◆ WHAT IS BEING ASKED
Nothing but the text belongs in the answer: the listing below, copied exactly, without pictures.

◆ GIVEN INFORMATION

◆ ◆ ◆ ◆ ◆

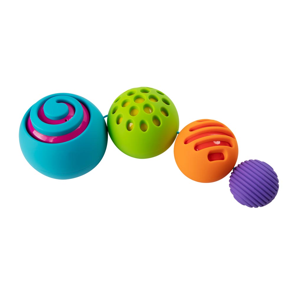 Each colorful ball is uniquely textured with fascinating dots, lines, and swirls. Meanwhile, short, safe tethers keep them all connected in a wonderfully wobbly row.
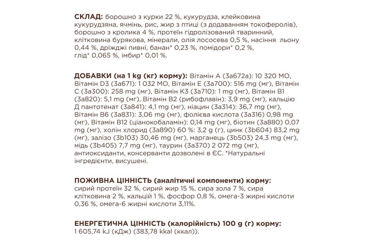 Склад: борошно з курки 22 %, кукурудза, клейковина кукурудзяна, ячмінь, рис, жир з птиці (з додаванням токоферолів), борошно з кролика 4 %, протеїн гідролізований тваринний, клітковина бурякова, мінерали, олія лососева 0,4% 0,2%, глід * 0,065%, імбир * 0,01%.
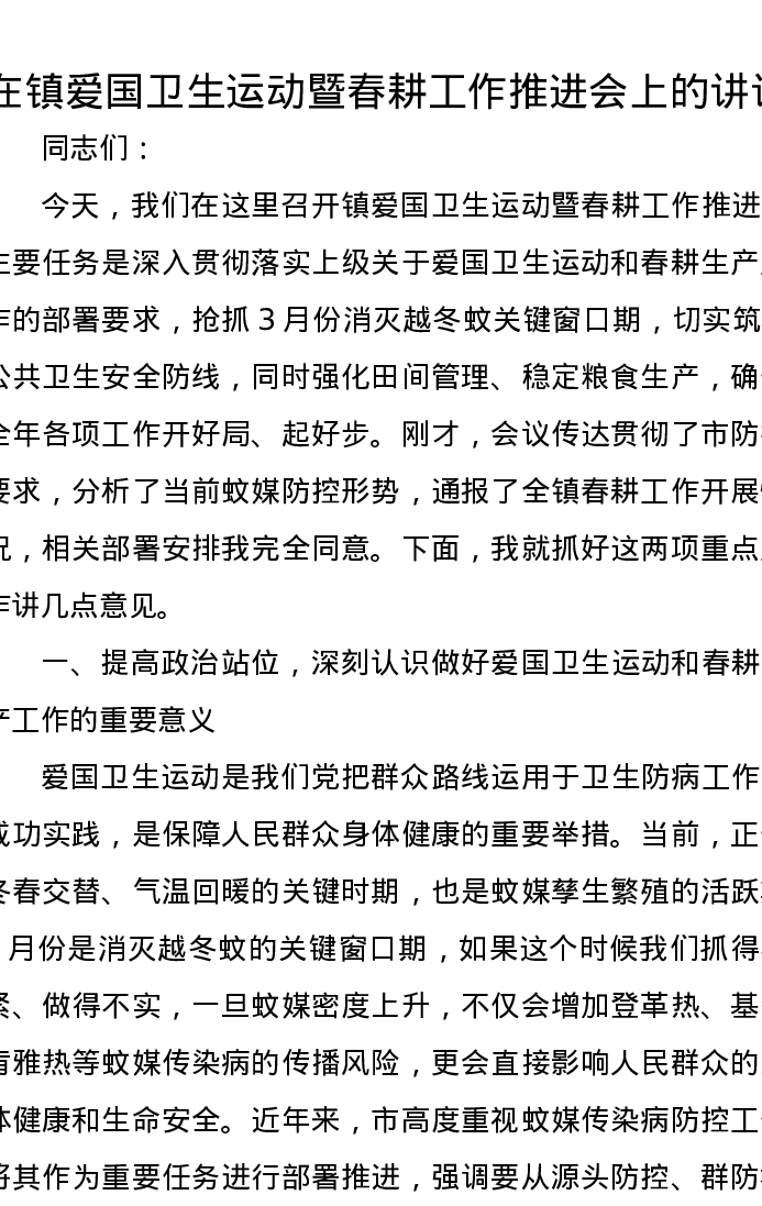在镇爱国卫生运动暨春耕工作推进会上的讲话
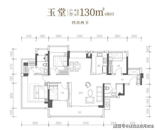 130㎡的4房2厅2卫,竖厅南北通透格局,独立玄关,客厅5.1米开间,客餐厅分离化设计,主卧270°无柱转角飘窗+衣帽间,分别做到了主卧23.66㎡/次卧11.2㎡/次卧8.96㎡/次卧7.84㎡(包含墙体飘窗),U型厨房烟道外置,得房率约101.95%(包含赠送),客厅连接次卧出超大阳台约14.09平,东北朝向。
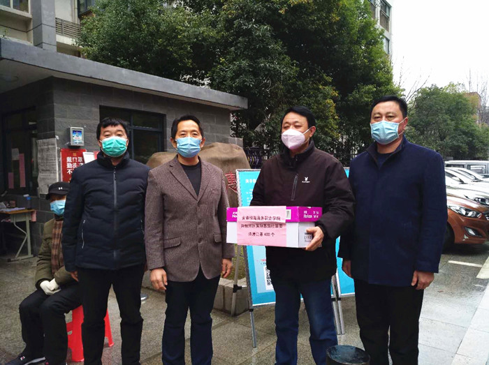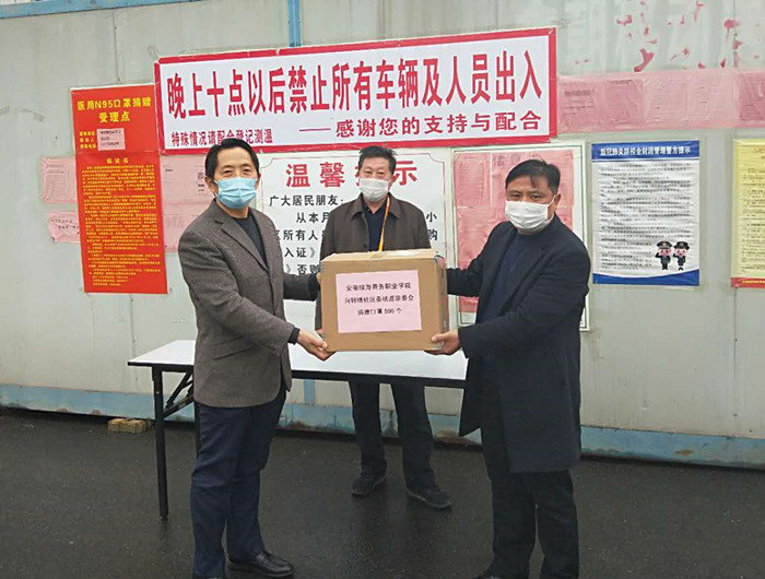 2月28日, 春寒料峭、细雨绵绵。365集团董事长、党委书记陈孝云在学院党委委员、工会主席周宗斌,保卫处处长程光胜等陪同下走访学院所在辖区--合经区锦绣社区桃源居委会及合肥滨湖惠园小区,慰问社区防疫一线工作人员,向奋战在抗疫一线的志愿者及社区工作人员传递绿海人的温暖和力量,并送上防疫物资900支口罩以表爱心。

◆ ◆ ◆ ◆ ◆

◆ YOUR RESPONSE
 Each colorful ball is uniquely textured with fascinating dots, lines, and swirls. Meanwhile, short, safe tethers keep them all connected in a wonderfully wobbly row.
 Склад: борошно з курки 22 %, кукурудза, клейковина кукурудзяна, ячмінь, рис, жир з птиці (з додаванням токоферолів), борошно з кролика 4 %, протеїн гідролізований тваринний, клітковина бурякова, мінерали, олія лососева 0,4% 0,2%, глід * 0,065%, імбир * 0,01%.
在镇爱国卫生运动暨春耕工作推进会上的讲话
 130㎡的4房2厅2卫,竖厅南北通透格局,独立玄关,客厅5.1米开间,客餐厅分离化设计,主卧270°无柱转角飘窗+衣帽间,分别做到了主卧23.66㎡/次卧11.2㎡/次卧8.96㎡/次卧7.84㎡(包含墙体飘窗),U型厨房烟道外置,得房率约101.95%(包含赠送),客厅连接次卧出超大阳台约14.09平,东北朝向。
 2月28日, 春寒料峭、细雨绵绵。365集团董事长、党委书记陈孝云在学院党委委员、工会主席周宗斌,保卫处处长程光胜等陪同下走访学院所在辖区--合经区锦绣社区桃源居委会及合肥滨湖惠园小区,慰问社区防疫一线工作人员,向奋战在抗疫一线的志愿者及社区工作人员传递绿海人的温暖和力量,并送上防疫物资900支口罩以表爱心。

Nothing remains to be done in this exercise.